The statement did not elaborate on when the new defense force would be set up. But in the past, U.S. officials have indicated it would include members of the army, navy and air force who were not compromised by their association to the banned Baath Party and who were not involved in criminal acts.

Under the new orders, the Ministry of Defense, the Republican Guard and "other specified security institutions which constituted and supported the most repressive activities of Saddam Hussein's regime," also have been disbanded.

"This is not fair," said Col. Ra'ed Nouri Yacoub, a longtime radar technician in the Iraqi Air Force. "We do not know our future now, and we do not know any other work. We have served our country as soldiers for many years, and suddenly we are thrown out in the street."

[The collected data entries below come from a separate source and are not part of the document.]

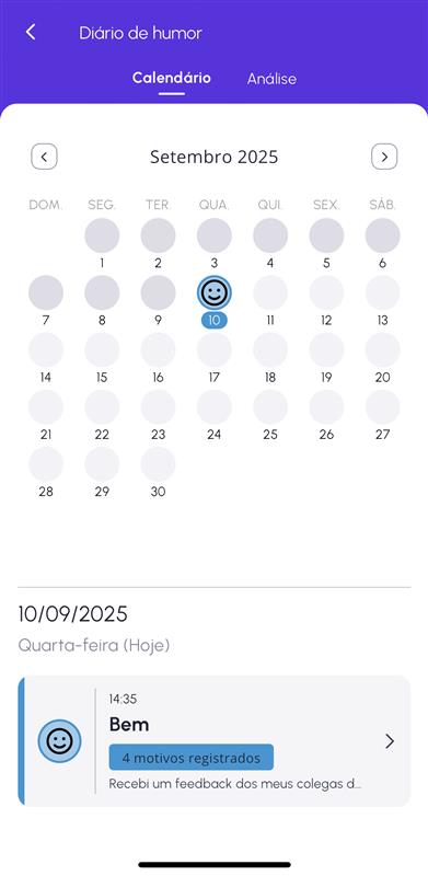 O calendário é a forma mais prática de você buscar as informações dos dias que tiveram registros de humor.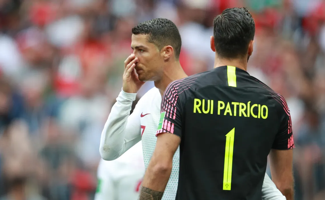 5544559 20.06.2018 Portugal's Cristiano Ronaldo, left, walks past Portugal's goalkeeper Rui Patricio during the World Cup Group B soccer match between Portugal and Morocco at the Luzhniki stadium, in Moscow, Russia, June 20, 2018. Anton Denisov / Sputnik/ Hepta / Sport Pictures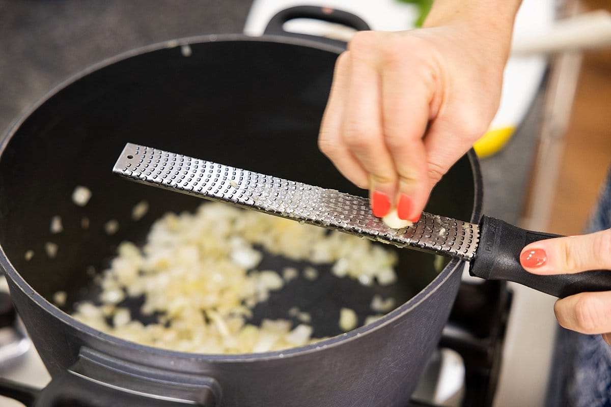 - Heat a large sauce pot over medium-high and spray with cooking spray. Add diced onions and grated garlic to the pot along with pinch of salt and pepper. Saute until translucent, about 5-6 minutes.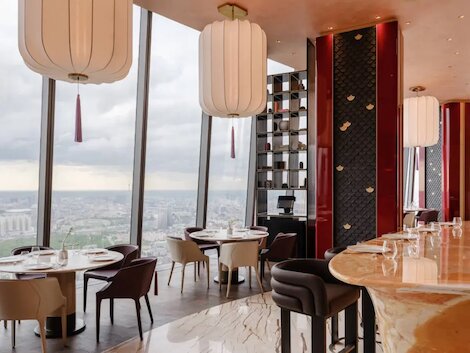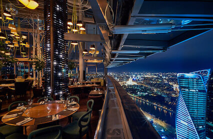 - Ресторан с панорамным видом на 89-м этаже в Москва-Сити- Выставочная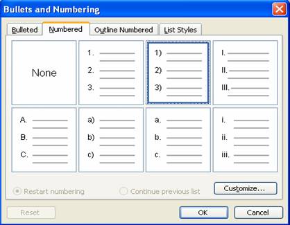 customize= se poate seta elemental de inceput al listei( ex. Numararea sa inceapa de la 2)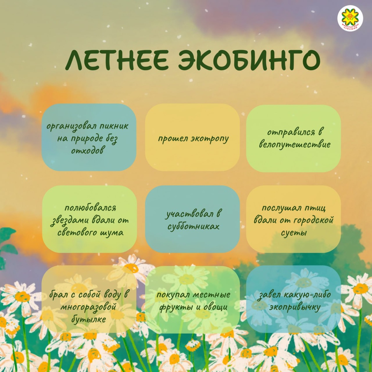 ☀️Вот и прошла первая половина лета, впереди – не менее яркая его часть, в которую вам необходимо успеть осуществить все задуманное! А пока – отмечайте в нашем бинго свои экодостижения👍 #МинприродыЧувашии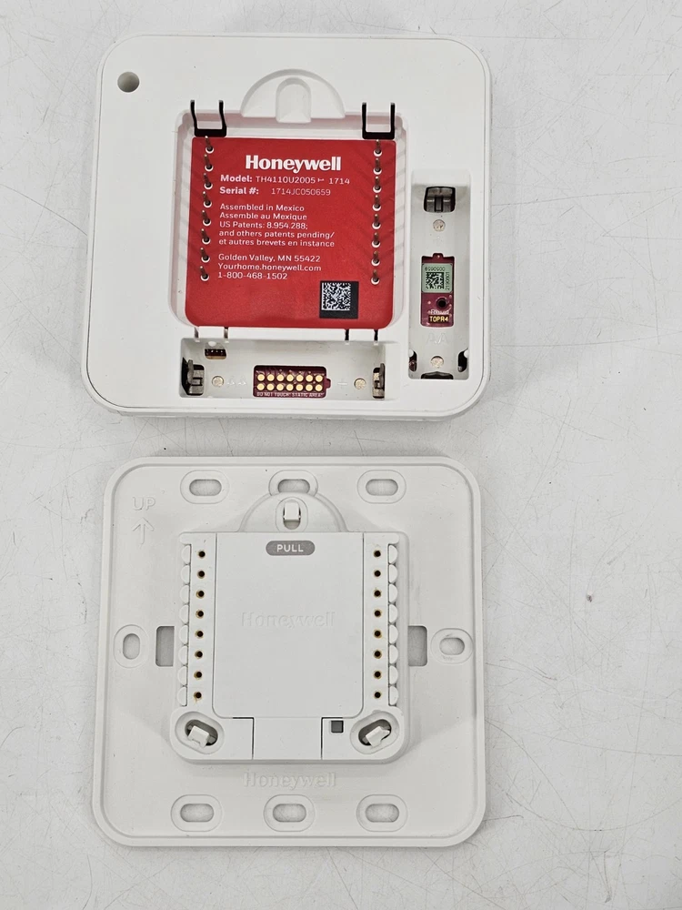 Voltage: 24 V Control Style: Digital, Push Button Heat Stages: 1 Compatible Model: Certain Honeywell Home TH4110 models. Power Source: Battery Thermostat Shape: Square Year Manufactured: 2005 Programmability: Programmable Country/Region of Manufacture: Mexico Features: Digital Display Wire Configuration: 4-Wire Thermostat Programmable Days: 7- Day Resistance Properties: Chemical Resistant System Switching: Heat-Cool-Off Model: T4 Pro Voltage Type: Low Voltage Mounting: UW Mounting Items Included: Batteries Cool Stages: 1 Brand: Honeywell Compatible Brand: Honeywell Home MPN: TH1140U2005 Battery Size: AA Color: White Sensor Technology: Temperature Number of Periods per Programmable Day: 4
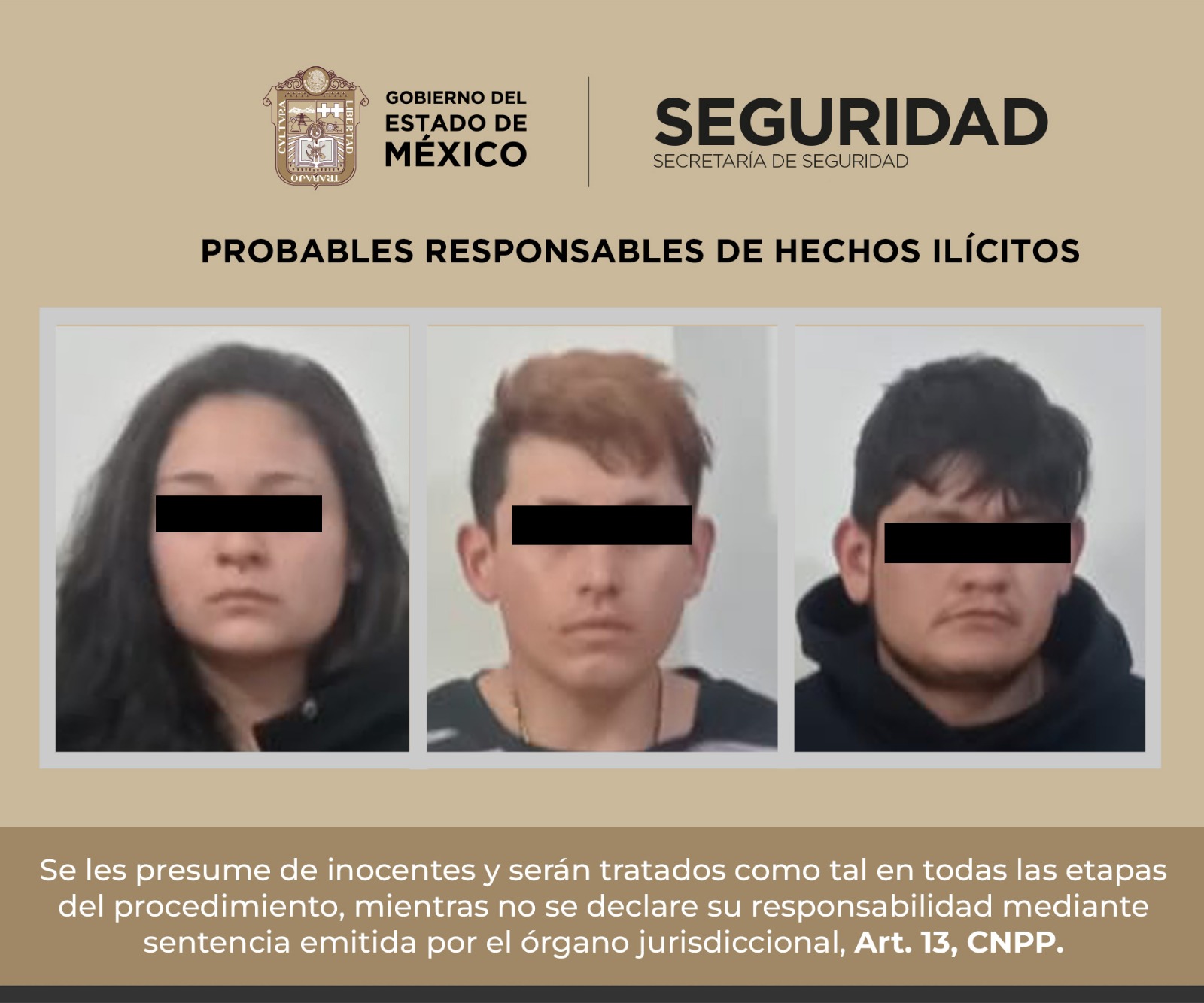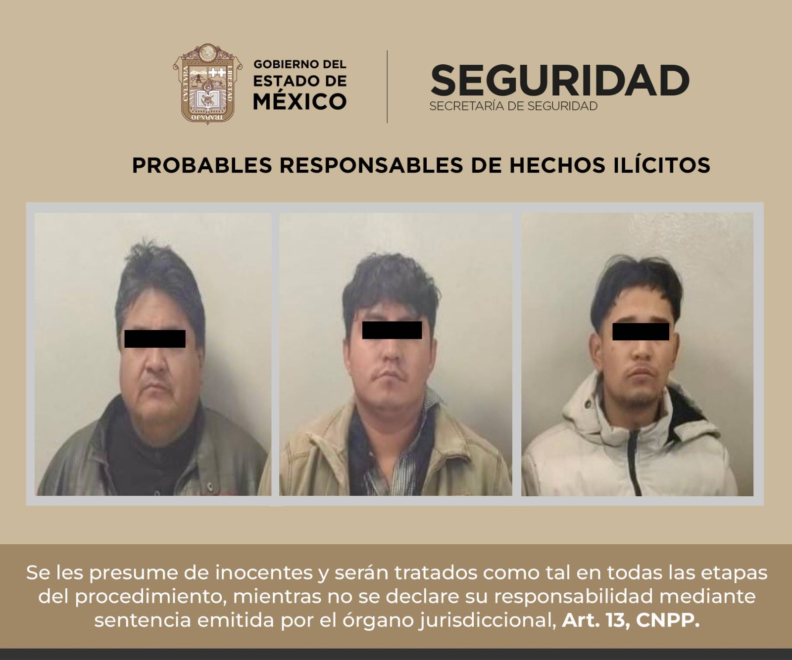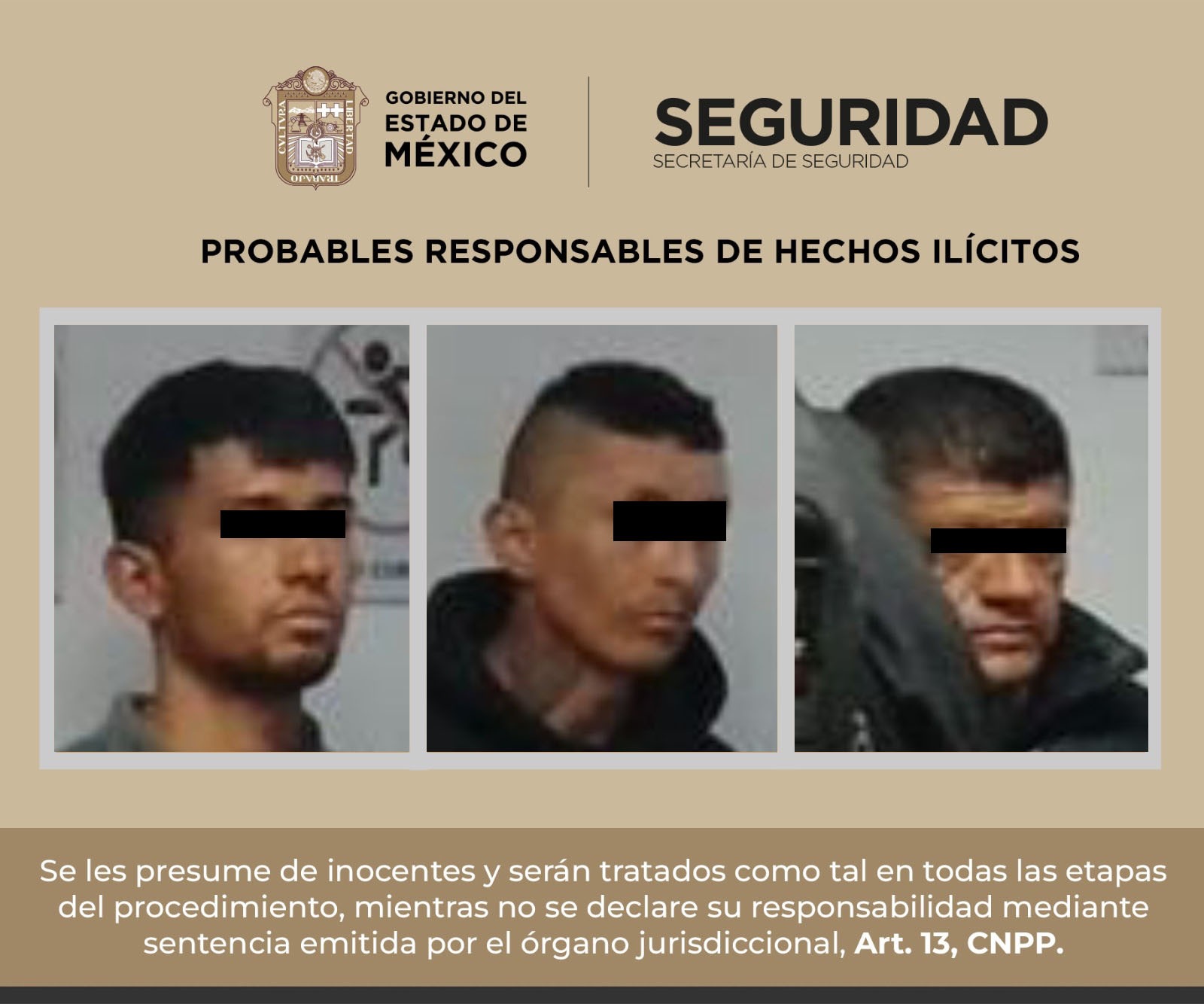 La coordinación entre las fuerzas del orden permitió que elementos de la Secretaría de Seguridad del Estado de México (SSEM), en conjunto con la Policía Municipal, detuvieran a tres masculinos probables responsables del delito de robo con violencia a un establecimiento comercial.

He added: "Most of the army officers have nothing to do with Saddam, but now everybody is punished."

The Republican Guard, founded in 1980, was a force tens of thousands strong that had a separate command structure from the rest of the army. It had the best equipment, the best training and the best pay. This was meant to ensure the elite corps would remain loyal and defend Saddam in an emergency. Its commanders were closely watched by intelligence agents who reported to Saddam's son Qusai.

In contrast, Iraq's regular army was seen as demoralized and poorly equipped in recent years. It was battered by the 1980-88 Iran-Iraq war, the first Gulf War and more than a decade of U.N. trade sanctions imposed because of the 1990 invasion of Kuwait.

Friday's order also ended conscription, turned the property of the dissolved entities over to the new administration and dismissed all employees of the armed forces, Republican Guard and the Defense Ministry.

It also abolished the Information Ministry, which tightly controlled Iraq's media and the work of foreign journalists.

For more than a decade, that wing of the regime forced all foreign news organizations to operate from the government-run press center inside the ministry building. Minders accompanied reporters to all interviews except those conducted inside foreign embassies and U.N. offices, and journalists who wrote stories perceived to be unsympathetic to Saddam's regime were frequently reprimanded and sometimes expelled or banned.

Bremer's announcement follows the administration's May 16 decree _ issued by commanding U.S. Gen. Tommy Franks _ abolishing Saddam's Baath Party and a subsequent Bremer decree that ordered the dismissal of party officials from the civil service.

Military personnel who did not fall under the anti-Baath order will receive severance pay of one month's salary, the statement said.

It said officers with the rank of colonel or above will receive no benefits because they "will be presumed to be in the barred classes, unless they prove otherwise."

"These actions are part of a robust campaign to show the Iraqi people that the Saddam regime is gone, and will never return," the statement said.

Before the latest war, the Iraqi military was believed to have more than 300,000 men. Most of them melted away during the coalition offensive, and only a few thousand were captured as prisoners of war.

Former noncommissioned officers and officers from the three services demonstrated on Sunday in Baghdad, demanding back pay and other benefits owed to them since the collapse of Saddam's regime on April 9.

They also said nonpolitical personnel should be considered for jobs in the new armed forces.